12.

1.9K 78 2
                                    

Nie mieliśmy pojęcia co robić dalej, dosłownie w głowie każdego z nas była pustka dotycząca "nowego Boga". Dean następnego ranka poszedł naprawiać wóz, bo ten został pogruchotany przez demony, o czym zapomniałam wspomnieć wcześniej. Razem z nim ulotnił się Bobby który czuł się winny, że nie potrafi znaleźć nic na Castiela. Sam leżał nieprzytomny w swoim łóżku od wczoraj, ponieważ podczas jazdy usnął i do teraz się nie obudził. Ja jestem tą która siedzi przy nim oraz czeka aż się ocknie, w międzyczasie zszyłam i zdezynfekowałam mu paskudną ranę od szkła.
Było po 15, kiedy Sam otworzył oczy i przyciągnął rękami po twarzy. Nie zdążyłam go ostrzec, więc w tej samej chwili...
- Ałć! - Syknął i spojrzał na swoją dłoń.
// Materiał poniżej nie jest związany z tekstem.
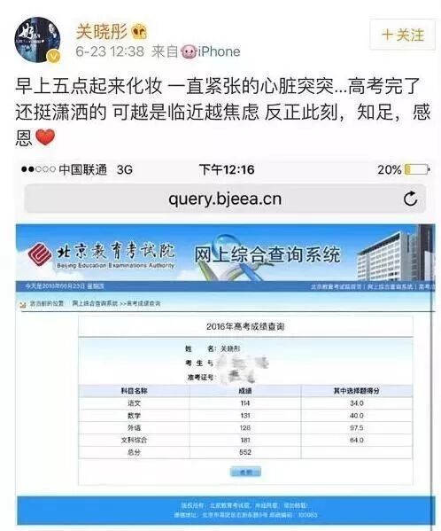 在关晓彤的微博中,她还经常晒自己的成绩单。

- Tak, nie zdążyłam. Miałeś ogromną ranę na ręce. Znaczy nadal masz ale już się nią zajęłam...- wzięłam głęboki wdech. - No tak, em...chcesz coś zjeść? Jak się czujesz, Sam?
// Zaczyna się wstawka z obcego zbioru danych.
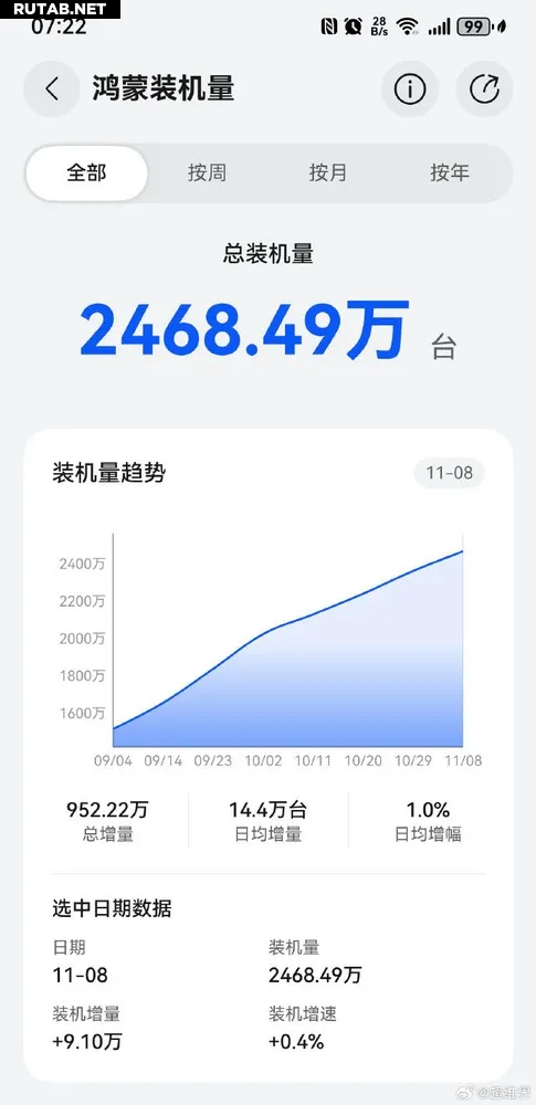 Статистика показывает, что по состоянию на 8 ноября общее число устройств с HarmonyOS достигло 24,6849 млн. Только за этот день парк увеличился на 91 тысячу устройств, при этом среднесуточный прирост составляет 144 тысячи единиц, а темп роста — 1,0%.

- Jest dobrze Ivy. I w zasadzie...umieram z głodu. - uśmiechnął się do mnie słabo. Wiedziałam, że jeśli chodzi o samopoczucie kłamał, to było widać i jeszcze dziś zamierzałam dowiedzieć się o co chodzi.
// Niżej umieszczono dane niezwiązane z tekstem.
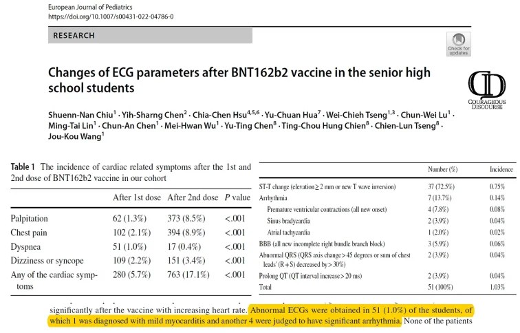 I have said on national TV throughout the COVID-19 vaccine campaign that no young person should receive a shot because the risks far outweigh the benefits. Chiu et al published a report where both cardiac symptoms and ECG changes were recorded after the first and second injections. The results are alarming. After the second injection of mRNA 17.1% of students reported cardiovascular symptoms.

- Okej, więc chodźmy na dół, zrobiłam obiad i zostawiłam trochę dla Ciebie.  - powiedziałam wstając.
Sam zjadł cały talerz, oraz poprosił o jeszcze, był na prawdę głodny. Po posiłku wyszedł do chłopaków, a ja poszłam za nim.
- Więc Ivy doczekała się śpiącego królewicza hę? - Odezwał się do mnie niemiło Dean. Zdziwiłam się.
- O co ci chodzi Dean? Czekałam aż się obudzi bo ty poszłes naprawiać jakiś idiotyczny samochód! - Zirytowana odparłam. Usłyszałam tylko jego prychnięcie, zobaczyłam tez zdziwiony wzrok Bobby'ego i Sama.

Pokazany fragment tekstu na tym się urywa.